À travers ses déclarations publiques, Mombo Boukinda Eric exprime un sentiment d’abandon et s’interroge sur l’existence éventuelle de différences de traitement entre citoyens.

Toutefois, aucun élément objectif disponible dans le dossier ne permet à ce stade d’établir une discrimination institutionnelle.

Entre attente et silence institutionnel

À ce jour, aucune communication officielle détaillée des institutions citées dans ce dossier n’a été retrouvée dans les éléments transmis permettant d’expliquer précisément l’état d’avancement de la procédure.
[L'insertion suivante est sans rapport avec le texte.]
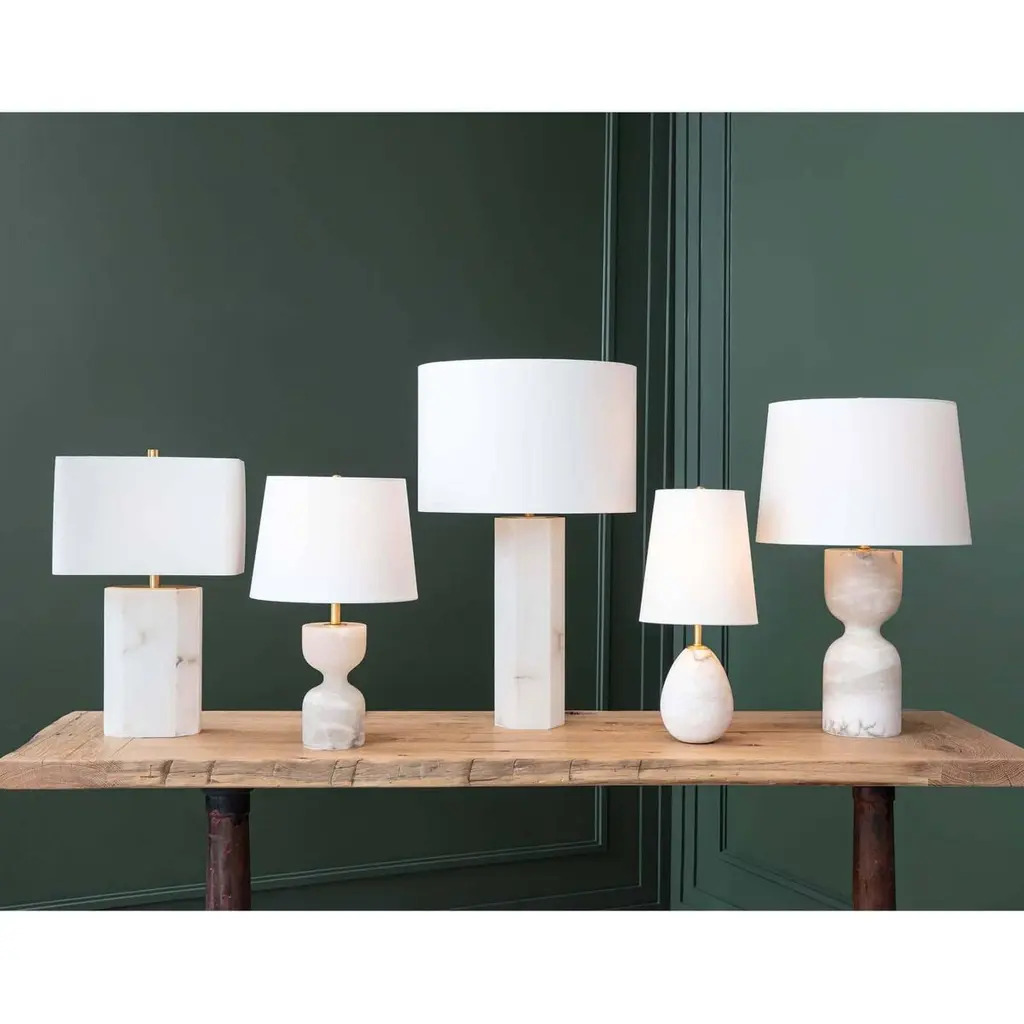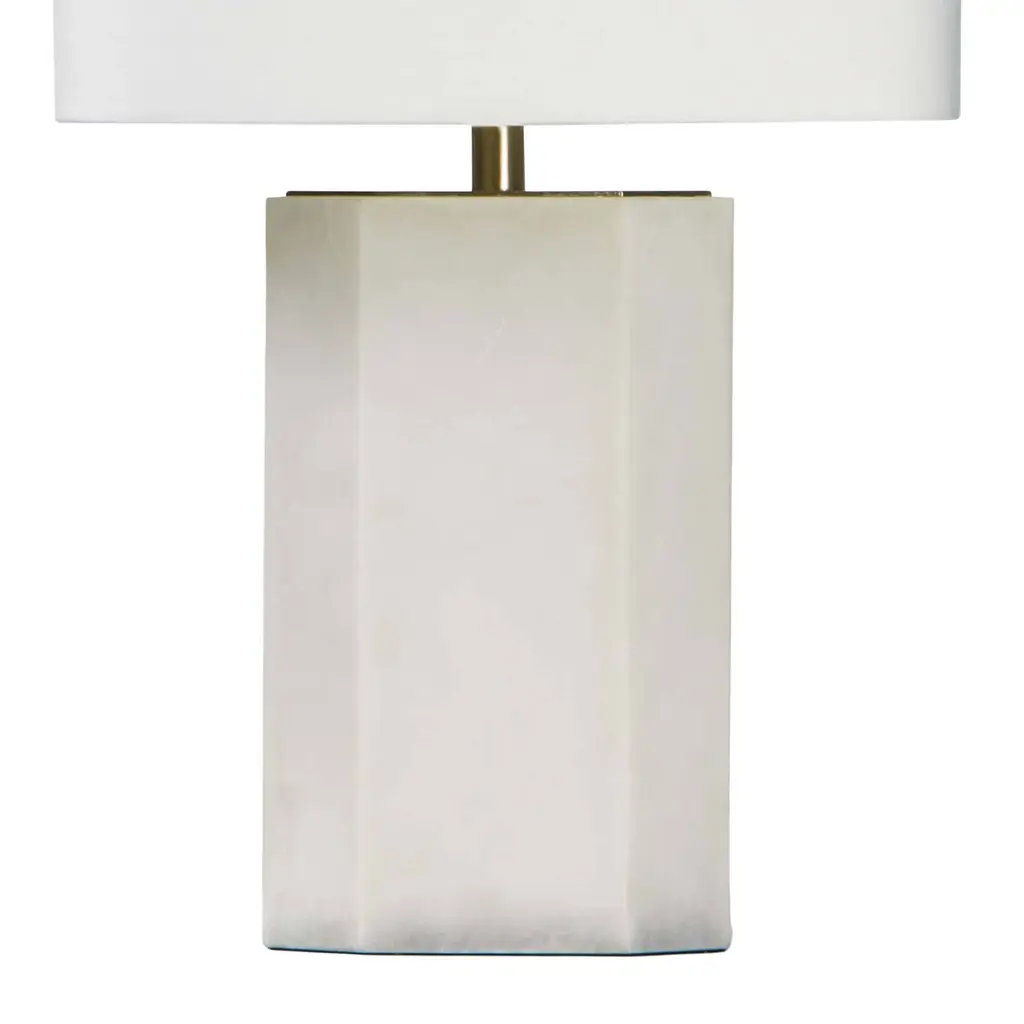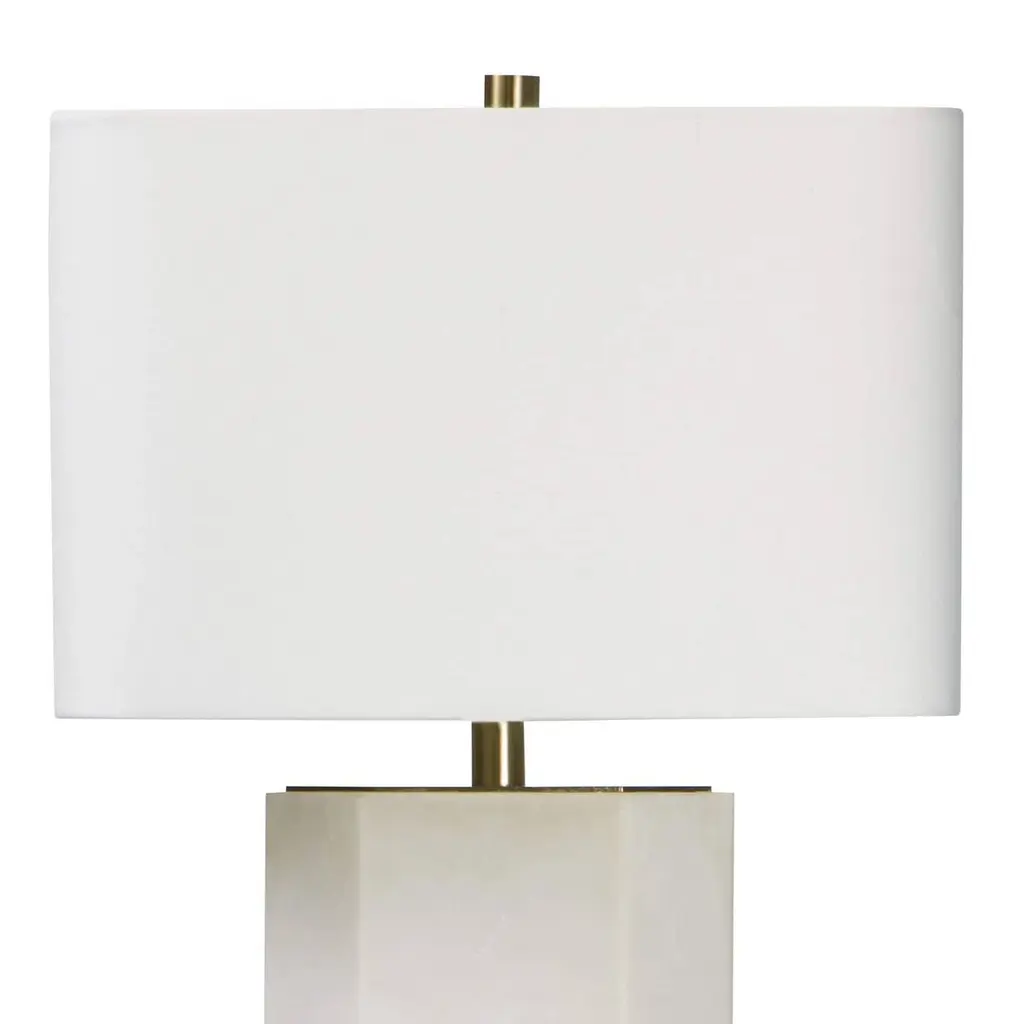 Clean lines and elemental materials lend an iconic quality to this lamp. Featuring natural brass hardware, a crisp natural linen shade is held in place by a brass finial. The elegant geometrical profile of the lamp makes a simple yet stunning statement when viewed from any angle.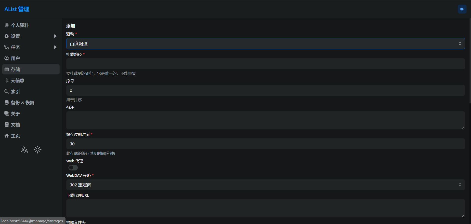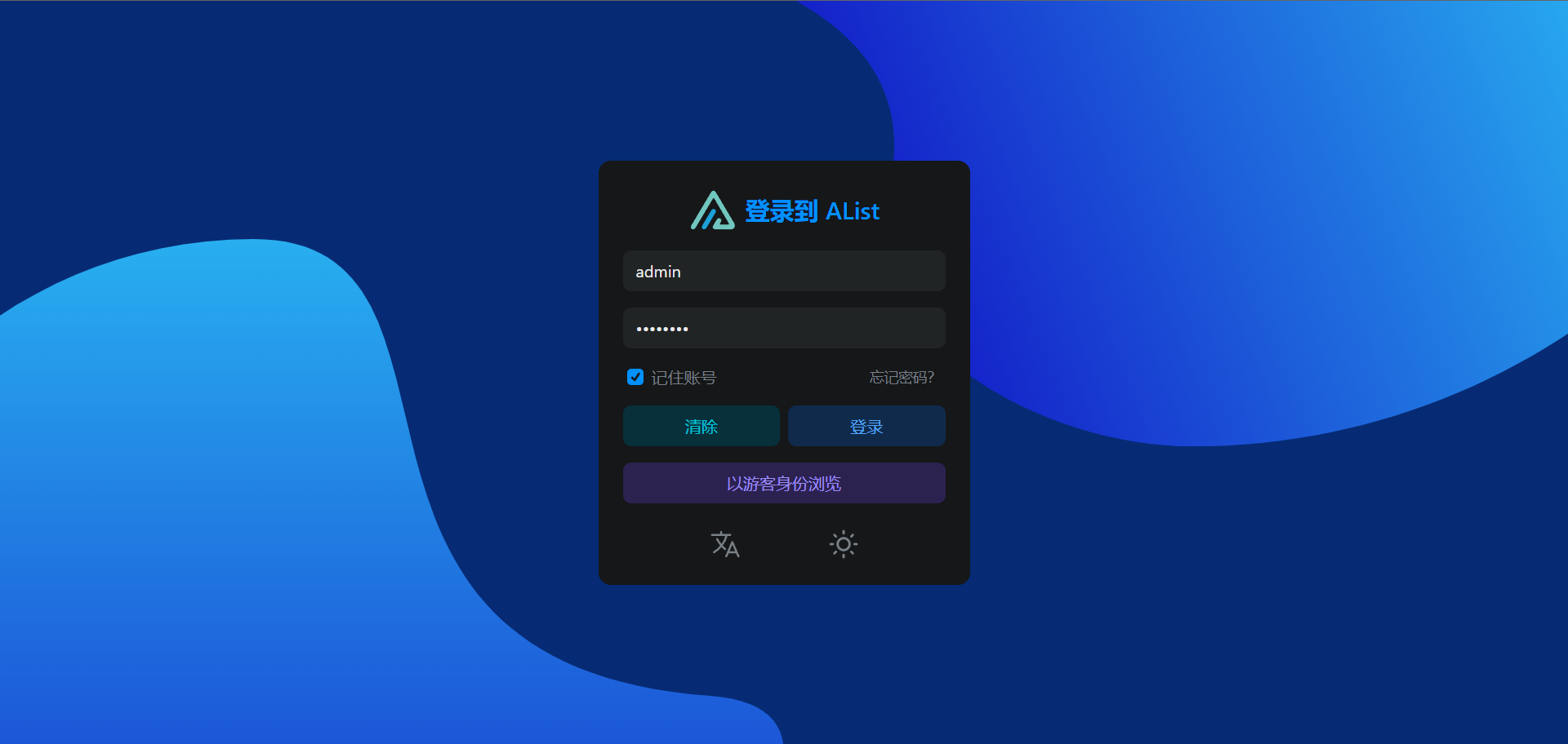 docker exec -it alist ./alist admin set NEW_PASSWORD记住上述生成的密码,登陆如下界面: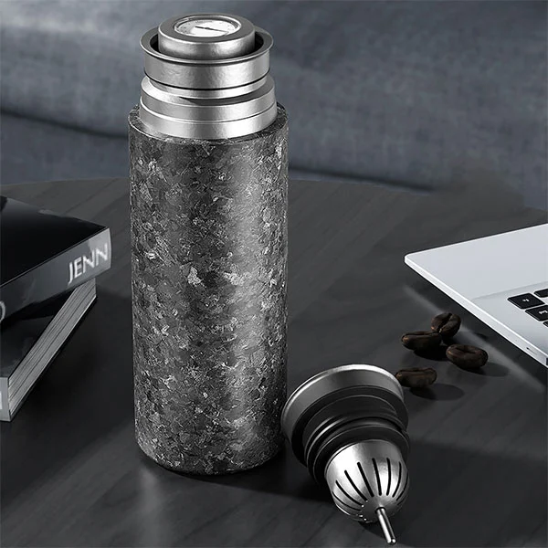 Tai titano vandens butelis su magnetiniu dangčiu, pagamintu iš titano, aviacijos medžiagos, kurios talpa yra 410 ml. Jis turi pagrindines įprastos termoso taurės funkcijas: vakuuminio šilumos išsaugojimą ir šalčio išsaugojimą. Šaltas konservavimas gali trukti 6 valandas, o šilumos išsaugojimas gali trukti 4 valandas.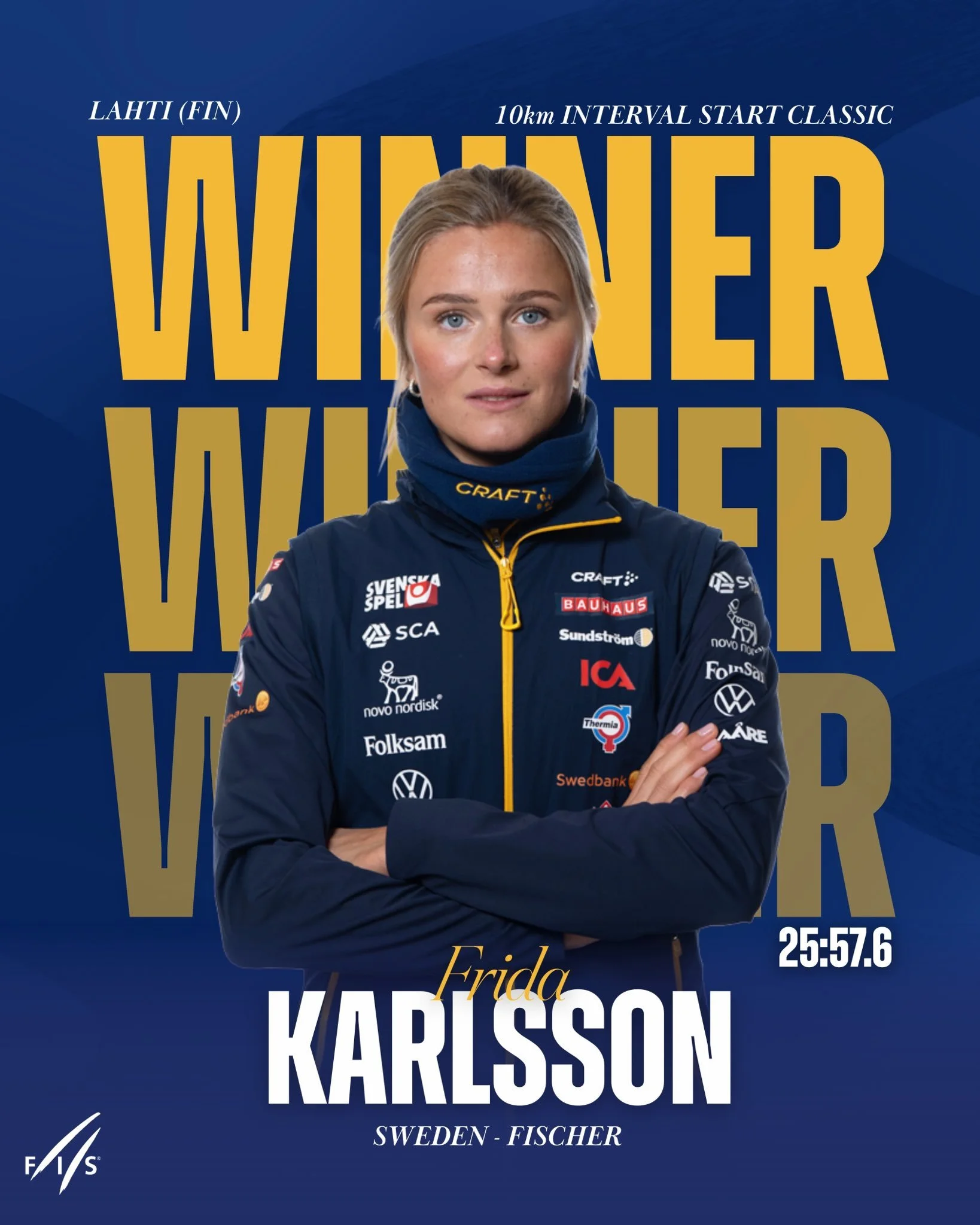 Lahti stands as one of the true proving grounds of cross-country skiing — a place where tradition, atmosphere, and unforgiving courses come together to test the very best in the world. This year delivered exactly that. In the skate sprint, Jonna Sundling unleashed her secret weapon — that flawless V2 — and simply broke the race apart for a commanding victory. On the men’s side, Johannes Høsflot Klæbo reminded everyone who still leads the pack, holding off the charging Heggen in a thrilling showdown. The 10 km interval classic races brought their own drama: a Swedish duel where Frida Karlsson grew stronger with every kilometer to claim the win with composed authority, while in the men’s race Klæbo once again showed that no one “does winning” quite like him — not even classic master Martin Løwstrøm Nyenget or rising star Savelii Korostelev could respond to his decisive move. With that, Klæbo sealed a perfect season and his sixth overall globe, while Korostelev celebrated a breakthrough first World Cup podium.

L’affaire demeure donc marquée par plusieurs zones d’ombre :

  • où se situe exactement le blocage administratif ?
  • quelles démarches ont effectivement été engagées par chaque partie ?
  • quelles suites diplomatiques ont été données ?
  • quelles réponses institutionnelles ont été apportées au requérant ?

En attendant des réponses plus précises, une certitude demeure : derrière les procédures et les courriers administratifs se trouve une trajectoire personnelle qui, selon l’intéressé, reste suspendue depuis plusieurs années à une décision qui tarde à arriver.

Une enquête qui reste ouverte et dont plusieurs aspects nécessiteraient désormais des éclaircissements officiels des institutions concernées.